Credit: Chaz Nielsen/Umas Amhert
iCons students learn about the benefits of forming multidisciplinary teams early in their training.

Coming up with solutions to major technical problems, such as supplying communities with clean water and renewable energy, calls for team-based interdisciplinary research. In contrast, the tried-and-true method for excelling in undergraduate science and engineering education focuses on independent intensive study, typically in a single discipline. Imagine how well prepared for real-world problem solving today’s students would be if they spent their undergraduate years focusing equally on mastering the fundamentals of their major field and on developing the complementary skills required for working as a member or leader of a multidisciplinary research team.

That’s the idea that underpins a science education program launched earlier this year at the University of Massachusetts, Amherst, for students majoring in science, technology, engineering, and mathematics (STEM). The program, which is optional and to which students must apply for admission, is “credit neutral” in that its courses satisfy requirements for most honors STEM majors.

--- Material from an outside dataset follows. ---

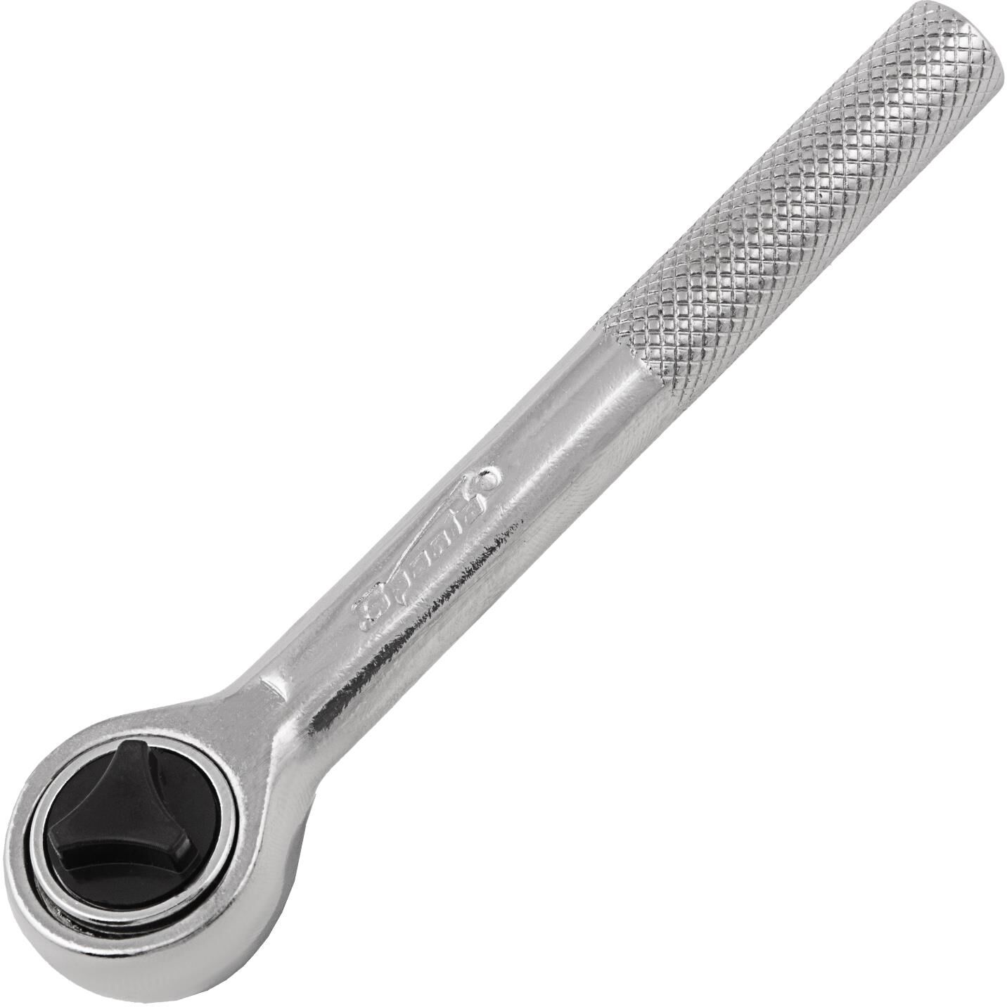 Ключ-трещотка Sparta 140205 из стали CrV, с присоединительным квадратом 1/4" и переключателем, применяется для монтажа и демонтажа болтов и гаек при помощи торцевых головок. Храповой механизм облегчает работу в ограниченном пространстве. Инструмент пригодится в ремонтной мастерской, автосервисе, а также дома или на даче. Преимущества Высокий показатель прочности и износостойкости — ключ изготовлен из хромованадиевой стали. Надежная защита от коррозии — поверхность ключа хромирована. Переключатель реверса — можно быстро изменить направление вращения. Функция быстрого сброса — для замены насадки требуется всего несколько секунд. Надежная фиксация насадки — благодаря шариковому фиксатору она не отскакивает во время работы. Комфортная работа — рукоятка с рельефной поверхностью не выскальзывает из ладони.

Referred to as iCons, for “integrated Concentrations in science,” the program’s inaugural semester, which just came to a close a few weeks ago, introduced its cohort of 45 students to integrated science learning via concentrations in biomedicine and renewable energy. The program is structured around three courses, iCons I–III, and a senior project, iCons-IV. The aim is to augment the first two concentrations with ones in clean water and climate change in coming semesters.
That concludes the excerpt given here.